You are currently viewing #NgajiBarengBuAya: Tadabbur Juz 2 Al-Qur’an

#NgajiBarengBuAya: Tadabbur Juz 2 Al-Qur’an

Berlanjut ke Juz 2 yang masih menekankan Al Quran sebagai petunjuk (guidance) dengan lebih banyak membahas hukum-hukum Allah. Adapun beberapa hukum yang dijelaskan dalam Juz 2 ini terkait dengan semua aspek kehidupan kita seperti puasa di bulan ramadhan, haji, pernikahan, perceraian, peperangan dsb. Perlu diingat bahwa Al Quran sebagai guidance (petunjuk) dalam hidup tidak dapat membuat kita berubah jadi lebih baik jika kita hanya memilih hukum yang kita mau/suka saja, sedangkan jika ada hukum yang membuat kita tidak suka dan kita tidak mau mengikutinya, maka kita termasuk orang yang mengingkarinya. Maka ikutilah hukum yang mengatur kita secara utuh/sepenuhnya.
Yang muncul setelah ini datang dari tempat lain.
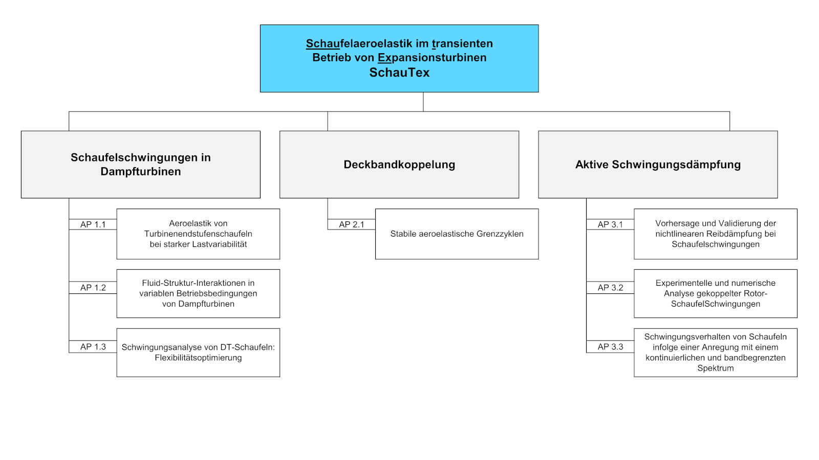 Im Arbeitspaket 1 sind Arbeiten zusammengefasst, die sich mit Fragen der Aeroelastik von Turbinenendstufenschaufeln beschäftigen, die aufgrund Ihrer großen Abmessungen besonders schwingungsanfällig sind. In Teillast betriebene Turbinen neigen zu einer besonderen Lastverlagerung hin zu den Schaufelspitzen der Rotoren mit lokal hohen Machzahlen und damit verbunden starker Strömungsablösung. Dementsprechend sind die Anregungsmechanismen sehr ausgeprägt, und bei der Auslegung dieser Schaufeln müssen die Strömungsphänomene verstanden und beherrscht werden.

Pada juz 2 ada beberapa peristiwa yang diceritakan seperti:
1. Perubahan arah kiblat (dari jerusalem ke mekkah)
Setelah 17-18 bulan menetap di madinah (Tahun kedua setelah hijrah) akhirnya turun perintah terkait perubahan kiblat yang disampaikan dalam surat al baqarah 142:

سَيَقُولُ ٱلسُّفَهَآءُ مِنَ ٱلنَّاسِ مَا وَلَّىٰهُمْ عَن قِبْلَتِهِمُ ٱلَّتِى كَانُوا۟ عَلَيْهَا ۚ قُل لِّلَّهِ ٱلْمَشْرِقُ وَٱلْمَغْرِبُ ۚ يَهْدِى مَن يَشَآءُ إِلَىٰ صِرَٰطٍ مُّسْتَقِيمٍ

Artinya: Orang-orang yang kurang akalnya diantara manusia akan berkata: “Apakah yang memalingkan mereka (umat Islam) dari kiblatnya (Baitul Maqdis) yang dahulu mereka telah berkiblat kepadanya?” Katakanlah: “Kepunyaan Allah-lah timur dan barat; Dia memberi petunjuk kepada siapa yang dikehendaki-Nya ke jalan yang lurus”.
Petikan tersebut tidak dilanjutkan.